Texas Studies in Literature and Language
- Discipline: Literature
- Language: English
- Edited by: Allen MacDuffie and Hannah Wojciehowski

Publication details
- History: 1911-present
- Publisher: University of Texas Press (United States)
- Frequency: Quarterly

Standard abbreviations
- ISO 4: Tex. Stud. Lit. Lang.

Indexing
- ISSN: 0040-4691 (print) 1534-7303 (web)
- JSTOR: 00404691
- OCLC no.: 45882258

Links
- Journal homepage; Online access; Online access;

= Texas Studies in Literature and Language =

Texas Studies in Literature and Language, commonly known as TSLL, is a peer-reviewed academic journal devoted to the humanities. It publishes essays reflecting a variety of critical approaches and all periods of literary history, with selected issues centering on special topics. Founded in 1911 as Studies in English, it was subsequently issued as The University of Texas Studies in English (1949-1956) and Texas Studies in English (1957-1958) before assuming its current name. It remains "one of the oldest, if not the oldest, scholarly journals of its kind in North America."

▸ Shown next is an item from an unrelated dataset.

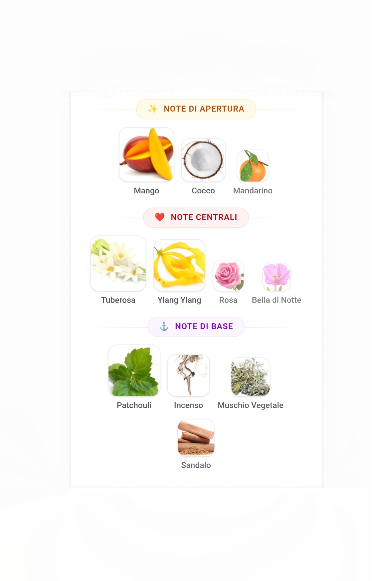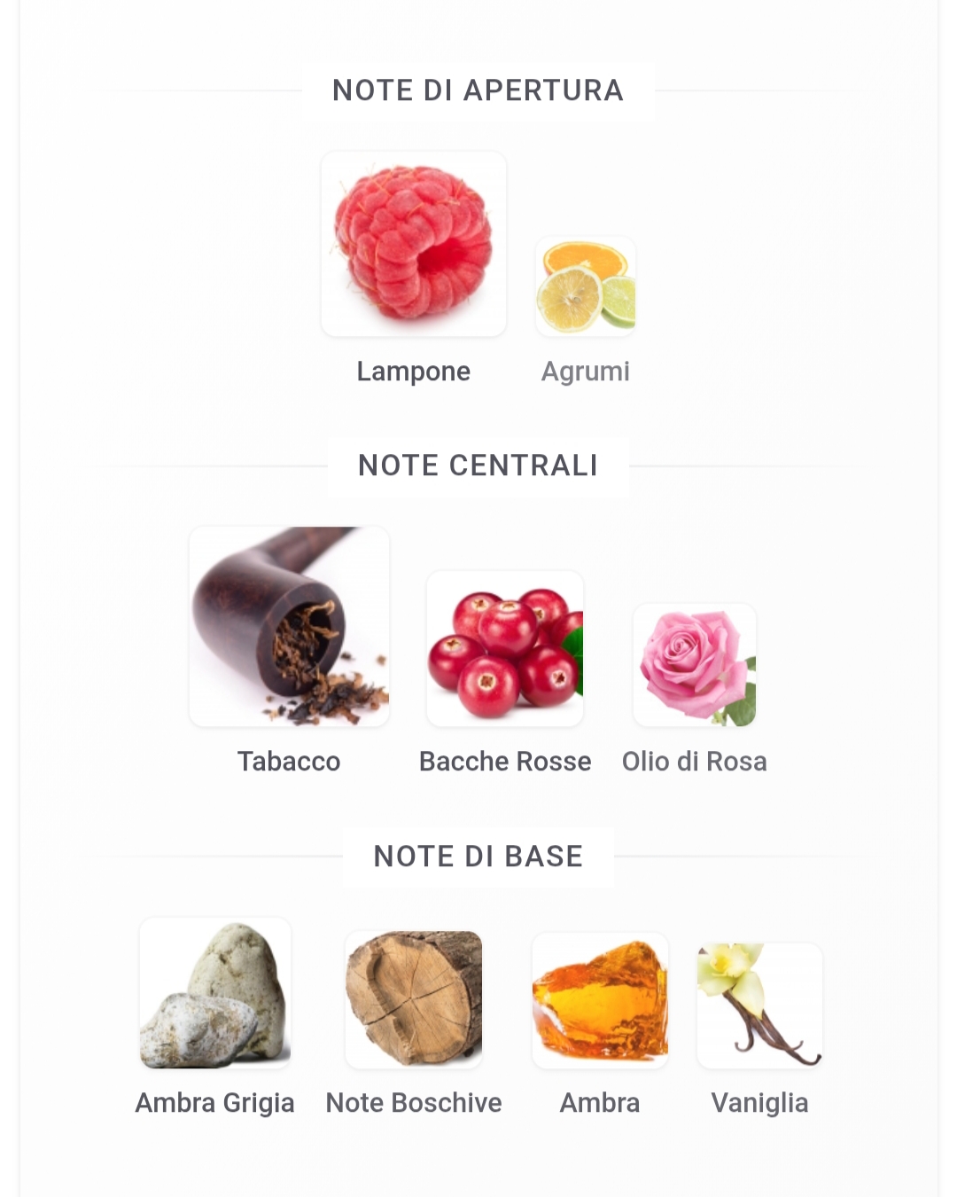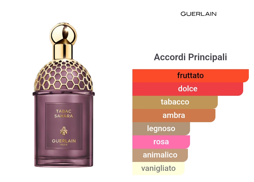 Le volute misteriose e fumiganti del Tabacco incontrano l'irresistibilità sensuale di un accordo di Lampone, esaltato dal calore di un accordo di Ambra Grigia. Con la sua freschezza acidula, il Frutto Rosso crea un vivace contrasto con le sfumature dorate del Tabacco, evocando una scia rosa che avvolge le dune al calar della notte.

The journal is published quarterly by the University of Texas Press in Austin, Texas. It is indexed in Academic Search Complete, MLA International Bibliography, Russian Academy of Sciences Bibliographies, Book Review Index, ArticleFirst, Periodicals Index Online, ProQuest Research Library, Arts and Humanities Citation Index, and Web of Science.

Notable scholars who have published in TSLL include Gordon Braden, Rita Copeland, Louis Montrose, and Gayatri Chakravorty Spivak. In addition, in 1962 the journal published an essay by a 24-year-old Joyce Carol Oates (writing as "J.C. Oates") titled "Melville and the Manichean Illusion."

The journal has sponsored a number of special issues and noteworthy essays. A 2017 special issue on Modernism and Native America, edited by James H. Cox, included the previously unpublished Vine Theatre Manifesto by Cherokee dramatist Lynn Riggs as well as articles on N. Scott Momaday, Todd Downing, and Ernest Hemingway and Katherine Anne Porter. In 2018, film scholar Donna Kornhaber curated a special issue devoted to the films of Austin director Wes Anderson. A 2019 special issue, co-edited by Janine Barchas and Devoney Looser, focused on future directions in Jane Austen studies. Research by John Rumrich into John Milton's blindness was also published in 2019, with the findings and topic discussed by journalist Frank Bruni in a column in The New York Times. In 2021, Domino Perez and Charles Ramirez Berg edited a special issue on the films of Austin director Robert Rodriguez, whom they dubbed "the Wizard of Awe".